I love the slogans... noe I may have to accessorize myself before the Kindle arrives...


----------



## Betsy the Quilter

Harvey's always on the lookout for new slogans, too, so if you think of any, post 'em here!

Betsy


----------



## Angela

To Kindle or not to Kindle...
  ...you really have to ask??


----------



## Guest

Kindle: Recommended by 4 out 0f 5 readers who chew gum.

I am stuck on Kindle
And Kindle's stuck on me

(front side): Next Page
(back of shirt): Prev Page


----------



## Angela

has this one been suggested yet??


My Kindle has more accessories than I do!!


----------



## Guest

Angela said:


> has this one been suggested yet??
> 
> My Kindle has more accessories than I do!!


I'm siccing PETA on you!


----------



## Angela

Bacardi Jim said:


> I'm siccing PETA on you!


In all actuality, my kindle is still nekkid (as in no added skin) and I am using the original cover!! Also, no special pouches, decorative covers, purses, or bags!! So far I am spending all my extra cash on books!!


----------



## Guest

Angela said:


> In all actuality, my kindle is still nekkid...


Sexual. Deeply so.


----------



## Guest

Just teasing.


----------



## Angela

Bacardi Jim said:


> Sexual. Deeply so.


I have said it before, BJ... you are a strange little man!! LOL


----------



## Guest

Dammit, I made a shirt, but Zazzle won't let me copy/paste the image here.


----------



## Guest

Here's the idea. Sorry about the huge size. It's necessary to show how the shirt should really look.


----------



## Guest

Kindle Math:
ALT + AA=
Zzzzzz


----------



## Guest

This one is for the geeks:

*K*indling
*I*s
*F*undamental

(a picture of Kif holding a Kindle underneath)

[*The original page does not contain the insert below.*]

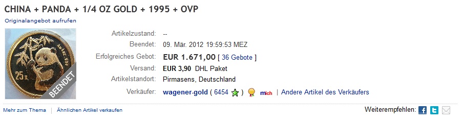 wiso...? der Preis ist doch noch OK, auch wenn diese Münze schon mal mehr brachte gab es die vor 4 Jahren noch für 400 € , sorge machen die Hasen, diese 100 yuan Gold Münzen machen doch freude.
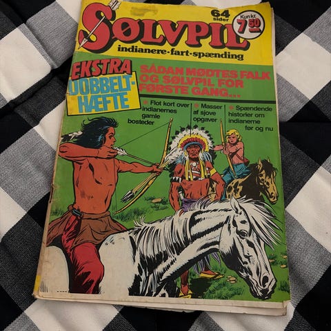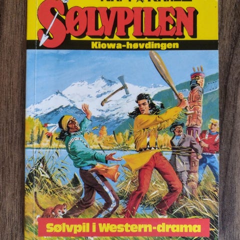 Sølvpil Den unge Kiowa-høvding tegneserier med titlerne "Overfaldet på postrytteren" og "Den beleirede prærieby". Serien indeholder western-tema og illustrationer med karakterer i indiansk og westernmiljø.

I could design it, but it's very, very late and I have a killer day tomorrow.


----------



## Guest

Cuneiform
Stamping
Cylinders
Movable type
Linotype
Phototypesetting
Word Perfect
Kindle


----------



## Angela

I thought you were going to bed??


----------



## Betsy the Quilter

Working to 1000...

Betsy


----------



## kim

Bacardi Jim said:


> I am stuck on Kindle
> And Kindle's stuck on me


I have this stupid tune stuck in my head now.... it wont go away


----------



## KBoards Admin

"Kindle. Someday all books will be read this way."


----------



## Linda Cannon-Mott

I actually like that BJ. ( not really, just trying to up my post count  ) All joking aside I do like it.

Linda


----------



## Ann in Arlington

Bacardi Jim said:


> Cuneiform
> Stamping
> Cylinders
> Movable type
> Linotype
> Phototypesetting
> Word Perfect
> Kindle


Hey! this might be another option for the Star system!!!

Ann


----------



## Angela

I think he was:

1) trying to get to 1000

and 

2) trying to out do my suggestion!!


----------



## Sandpiper

Bacardi Jim said:


> Kindle Math:
> ALT + AA=
> Zzzzzz


Good one, BJ!


----------



## mommytolandl

Here's another. More of an advertisement for the board.


Don't be a Closet Kindler
visit
Kindleboards.com


Or Kloset Kindler


----------



## Guest

I wasn't post count padding.  I was trying to help.


----------



## TM

Got Kindle?


----------



## Guest

Linda Cannon-Mott said:


> I actually like that BJ. ( not really, just trying to up my post count ) All joking aside I do like it.
> 
> Linda


Which one?


----------



## chynared21

kim said:


> I have this stupid tune stuck in my head now.... it wont go away


*Stupid Band Aid song stuck in my head now...thanks *


----------



## Guest

In today's mail, I got this;










After several attempts, that is my best shot. Self photography is not easy for me.


----------



## Linda Cannon-Mott

Love your T-Shirt Vampyre.


----------



## Gertie Kindle

Vampyre said:


> In today's mail, I got this;
> 
> 
> 
> 
> 
> 
> 
> 
> 
> 
> After several attempts, that is my best shot. Self photography is not easy for me.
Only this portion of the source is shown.